FEATURE ARTICLE -
Case Notes, Issue 84: Sept 2019
The following summary notes of recent decisions of the Supreme Court of Queensland provide a brief overview of each case. For more detailed information, please consult the Reasons for Judgment which may be downloaded by clicking on the case name.
R v Freeman [2019] QCA 150
The applicant pleaded guilty to counts 1 and 2 on a three-count indictment on the eve of his trial. At issue on appeal was whether insufficient weight had been attached to his plea, which he contended was entered at the first reasonable opportunity. The applicant was sentenced to four years and six months’ imprisonment on count 1 and a concurrent term of six months’ imprisonment on count 2, for possession of a marketable quantity of a border controlled drug and failing to comply with an order to assist access. The third count, importing a marketable quantity of a border controlled drug, had been discontinued by the prosecution when the applicant offered his plea. The court found that in pleading guilty the appellant had “accepted the inevitable” and in all the circumstances he had not entered a plea at the earliest possible opportunity.
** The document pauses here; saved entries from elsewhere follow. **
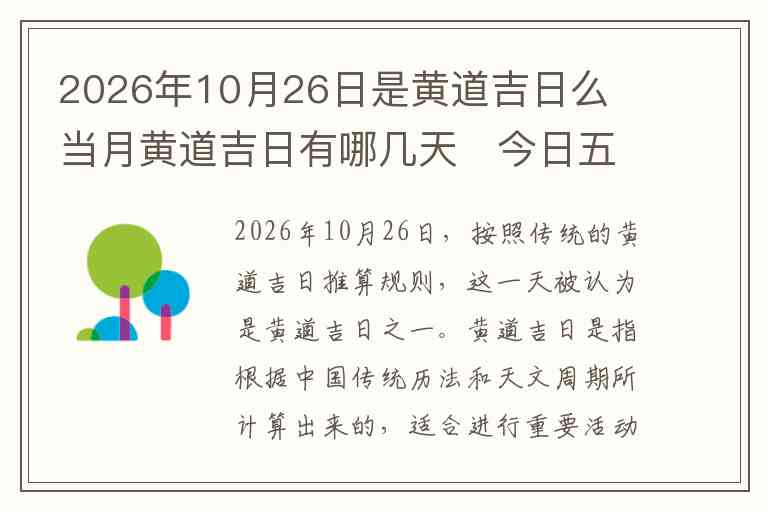 2026年10月26日,按照传统的黄道吉日推算规则,这一天被认为是黄道吉日之一。黄道吉日是指根据中国传统历法和天文周期所计算出来的,适合进行重要活动的日子。黄道吉日通常用来选择结婚、搬家、开业等吉祥的日子。每个月的黄道吉日都不一样,根据天象的变化及传统的推算方式而定。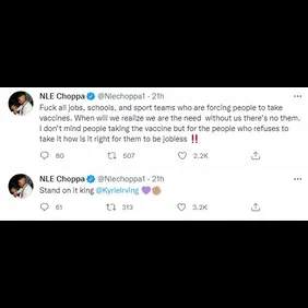 NLE Choppa has long taken a stance against the COVID-19 vaccine, and he shared on Twitter that he backs Irving and his decision to remain unvaccinated.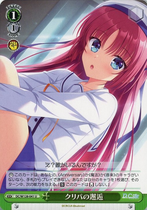 【カウンター】 このカードは、あなたの、《Anniversary》か《魔法》か《音楽》のキャラがいないなら、手札からプレイできない。あなたは自分のキャラを1枚選び、そのターン中、次の能力を与える。『【永】 このカードは【リバース】しない。』

Fraser JA and Applegarth and Bradley JJ
2 August 2019
In examining the timing of the plea, the court undertook a detailed consideration of the case law in this area. It noted that the indictment charging the relevant offences was presented on 5 October 2016, [43], and the applicant entered his plea on 17 October 2018. [2]. In the interim, it was plainly the case that the applicant “had many opportunities to indicate his preparedness to plead, or to actually plead, to counts 1 and 2”. [43]. Instead, the applicant determined to plead to those counts only after the Crown accepted his offer to do so on the grounds that count 3 would be dropped and certain matters omitted from the statement of facts. [44].
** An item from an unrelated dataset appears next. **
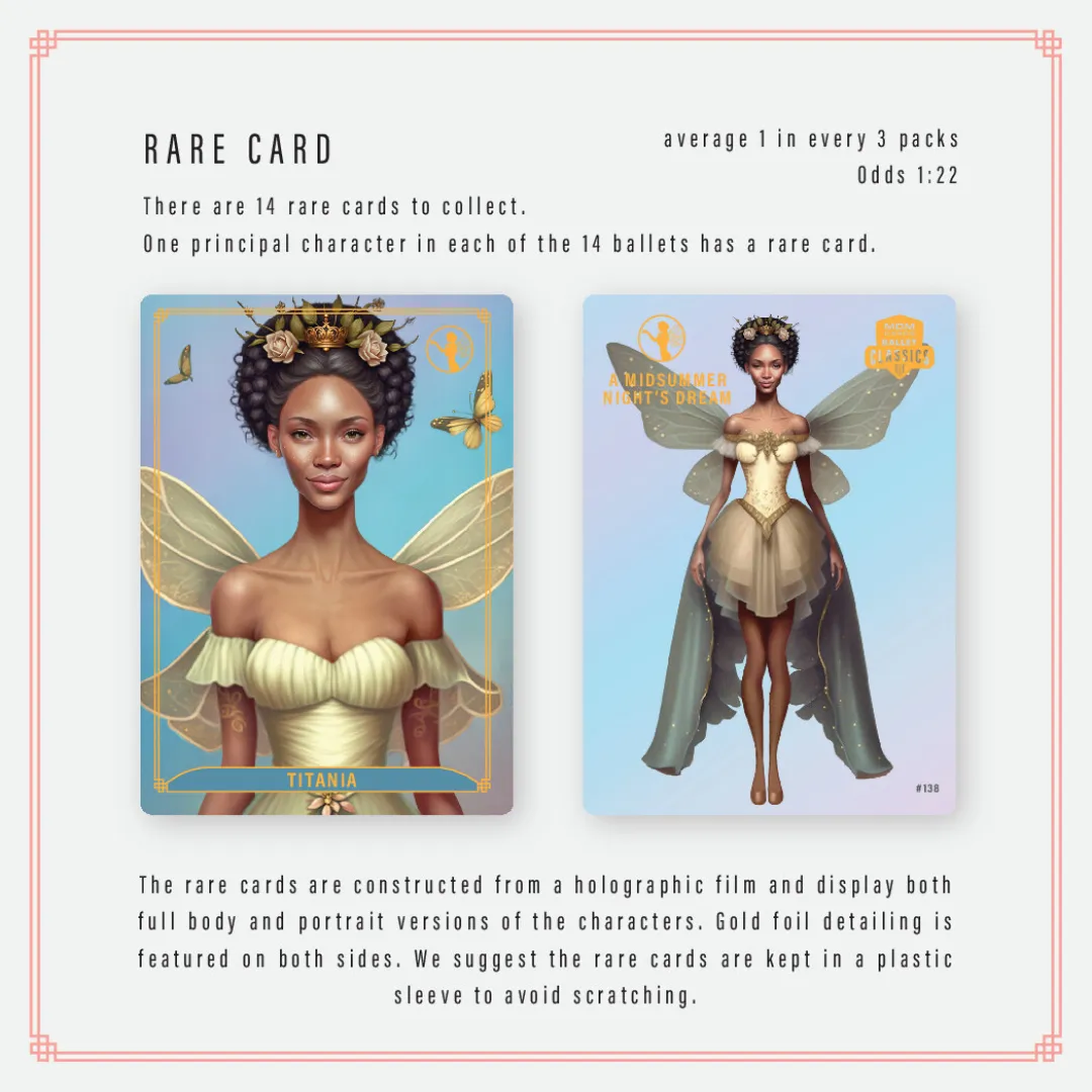 Stepping into the magical realm of fairy tale ballet stories, the Ballet Classics trading card series introduces 126 exquisitely designed characters across 14 ballets and places them in your hands.

In that regard, the court distinguished the matter from Cameron v The Queen (2002) 209 CLR 339, 345—346 [20]—[25], observing that it was not the case that the initial reasonable opportunity to enter a plea had only presented itself after the charges were correctly formulated. [45]. Applegarth J (Fraser JA and Bradley J concurring) also distinguished the matter from one in which a late plea is entered to remaining charges after the Crown concedes that it is unable to prove other, more serious counts and withdraws them due to lack of evidence: see for example Atholwood v The Queen (1999) 109 A Crim R 465. [46]. The court stressed that due to these nuances, the issue of whether an offender pleaded, or offered to plead, guilty at the first reasonable opportunity is more complex than simply examining the charges: see Cameron v The Queen (2002) 209 CLR 339, 345 [20]; Maybus v The Queen [2017] VSCA 125, [46].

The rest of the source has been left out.